Les premiers mois furent terribles. Sur les colonnes ennemies qui s'avançaient,
des tonnes de projectiles furent déversées par des temps souvent très
défavorables. A chaque expédition plusieurs équipages manquaient à l'appel,
presque toujours tombés en flammes au milieu de leurs camarades impuissants.
Malgré ces atroces spectacles, les plus poignants des combats aériens,
il n'y avait aucune défection pour un second départ. Rentrés au terrain,
les appareils renouvelaient leur provision d'essence et de munitions,
et les équipages demandaient souvent eux-mêmes à repartir immédiatement
pour venger leurs morts en semant la terreur dans les rangs ennemis.
Du 20 Février au 27 Mars 1918, le G.B. 5 et le G.B. 6, stationnés à Mairy-sur-Marne
et Cernon, opéraient en Champagne, et lançaient sur l'ennemi, en bombardements
de jour et de nuit, 57.059 kilos de projectiles.
De
jour, les expéditions se faisaient à haute altitude (4.000 à 4.500 mètres)
et visaient les gares, les dépôts, les voies ferrées, les terrains d'aviation.
Des équipages faisaient des reconnaissances à vue et rapportaient (les
renseignements précieux. Quand la chasse ennemie parvenait à rattraper
les bombardiers, c'était si haut qu'elle avait perdu sa supériorité de
vitesse et de manœuvre ; les combats se terminaient toujours à notre avantage.
La nuit, quelques équipages attaquaient, à la bombe et à la mitrailleuse,
les cantonnements, les trains et les terrains d'aviation à très faible
altitude. Le 26 Mars, le Capitaine Moulines est tué ; ce fut le
premier. Magnifique soldat, camarade admirable ; héros de l'aviation d'observation,
aimé et estimé de tous, ayant puissamment secondé le commandement dans
la rénovation de l'aviation de bombardement, il tombait, sans avoir eu
la joie de voir son labeur porter ses fruits. A côté de lui, il faut associer
le Lieutenant Richet dans le même culte. L'estime, la sympathie,
l'admiration que ces deux « as » inégalables avaient l'un pour l'autre
rend leurs noms indissolubles. Tous deux sont tombés sans avoir vu la
victoire de la France, frappés par le même inexorable destin ; Moulines,
de nuit, par la balle aveugle d'un G.V.C. ; Richet, atteint le 29 août
par les bombes d'un camarade.
Tous nos tués (Français ou Américains venus pour combler nos vides) représentent
une phalange de héros qui ont donné leur vie avec un tel esprit de sacrifice
et une telle abnégation, qu'ils ont forcé l'admiration des plus blasés
et des plus sceptiques.
Beaucoup sont demeurés inconnus du commandement et du public, l'aviation
de bombardement (le jour étant devenue l'infanterie de l'air, où l'individu
n'existe plus en dehors de son groupement.
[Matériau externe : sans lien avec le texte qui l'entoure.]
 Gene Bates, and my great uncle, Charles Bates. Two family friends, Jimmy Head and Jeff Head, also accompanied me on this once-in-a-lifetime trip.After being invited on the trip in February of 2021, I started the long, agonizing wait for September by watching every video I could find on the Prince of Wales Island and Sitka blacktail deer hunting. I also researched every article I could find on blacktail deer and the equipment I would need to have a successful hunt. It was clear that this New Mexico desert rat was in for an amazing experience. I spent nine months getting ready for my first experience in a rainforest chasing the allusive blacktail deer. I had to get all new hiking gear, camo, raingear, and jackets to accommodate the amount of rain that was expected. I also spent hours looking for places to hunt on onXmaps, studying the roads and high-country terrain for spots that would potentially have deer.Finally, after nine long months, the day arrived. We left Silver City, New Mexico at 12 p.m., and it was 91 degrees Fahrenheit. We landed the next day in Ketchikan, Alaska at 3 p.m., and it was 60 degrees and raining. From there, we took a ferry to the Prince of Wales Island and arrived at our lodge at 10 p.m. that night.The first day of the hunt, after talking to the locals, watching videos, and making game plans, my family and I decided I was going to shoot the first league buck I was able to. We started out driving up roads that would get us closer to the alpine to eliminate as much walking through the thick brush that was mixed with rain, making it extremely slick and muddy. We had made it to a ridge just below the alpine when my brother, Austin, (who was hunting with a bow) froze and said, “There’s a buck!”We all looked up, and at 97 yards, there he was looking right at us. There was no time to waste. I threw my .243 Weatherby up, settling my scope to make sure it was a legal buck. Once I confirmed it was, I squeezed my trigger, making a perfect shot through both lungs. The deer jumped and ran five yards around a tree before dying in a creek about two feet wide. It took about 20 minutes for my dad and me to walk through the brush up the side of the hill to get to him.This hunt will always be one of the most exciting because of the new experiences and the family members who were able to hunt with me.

Plusieurs étaient déjà des
« as » du bombardement de jour dont les expéditions célébres étaient connues
de tous.
Le 24 Mars, l'armée allemande avait enfoncé le front anglais. Les avions
du G.B.5 allèrent atterrir à Esquennoy, à 5 kilomètres au nord-est de
Breteuil, mais revinrent dans la même journée en Champagne, où l'on craignait
une autre attaque.
Le 27 Mars, l'Escadre se transportait au Plessis-Belleville. Elle arrivait
en pleine bataille et devait garder un poste d'honneur jusqu'au dernier
jour de la guerre. Elle fut rejointe par le G.B. 9 et entra, avec l'Escadre,
dans la composition du Groupement Ménard. Immédiatement engagée
dans la bataille sur le front des 1e, 2e et 6e armées, l'Escadre participait
à l'arrêt des troupes ennemies sur le front Moreuil, Montdidier, Ressons-sur-Matz,
inaugurant le bombardement et le mitraillage en masse à très faible altitude.
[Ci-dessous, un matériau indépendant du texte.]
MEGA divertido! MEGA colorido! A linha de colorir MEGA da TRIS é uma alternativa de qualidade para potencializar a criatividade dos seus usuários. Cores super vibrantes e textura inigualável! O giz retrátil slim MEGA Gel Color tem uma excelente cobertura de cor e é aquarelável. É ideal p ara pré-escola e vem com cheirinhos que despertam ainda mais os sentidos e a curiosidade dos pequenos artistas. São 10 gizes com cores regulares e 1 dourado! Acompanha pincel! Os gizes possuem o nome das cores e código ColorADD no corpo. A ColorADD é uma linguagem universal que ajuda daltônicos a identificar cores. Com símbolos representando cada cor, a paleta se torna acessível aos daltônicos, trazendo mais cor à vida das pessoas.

L'ardeur, le dévouement des équipages permettaient de lancer 73.517 kilos
de projectiles et de retarder l'avance ennemie sur un front de 25 kilomètres
sans troupe. Nos bombes et nos mitrailleuses remplaçaient l'artillerie
et l'infanterie pendant trois ou quatre jours. Sept avions ennemis étaient
sûrement abattus. Il ne s'agissait plus d'aller à grande altitude atteindre
au loin chez l'ennemi ses grandes gares régulatrices. On bombardait les
arrières immédiats du champ de bataille : les cantonnements, les bivouacs,
les convois, les troupes en marche, toujours entre 200 et 1.800 mètres,
pour que le tir soit plus précis sur ces objectifs mobiles et de surface
restreinte, et pour que la mitrailleuse puisse compléter l'œuvre des bombes.
Ham, Guiscard, Roye, Jussy, Tergnier, les cantonnements de Hangest et
le Quesnel, la gare de Saint-Quentin, furent aussi bombardés. Le temps
nuageux et la pluie empêchaient souvent la marche en gros pelotons. Les
appareils partaient et se battaient par petits groupes de deux ou trois.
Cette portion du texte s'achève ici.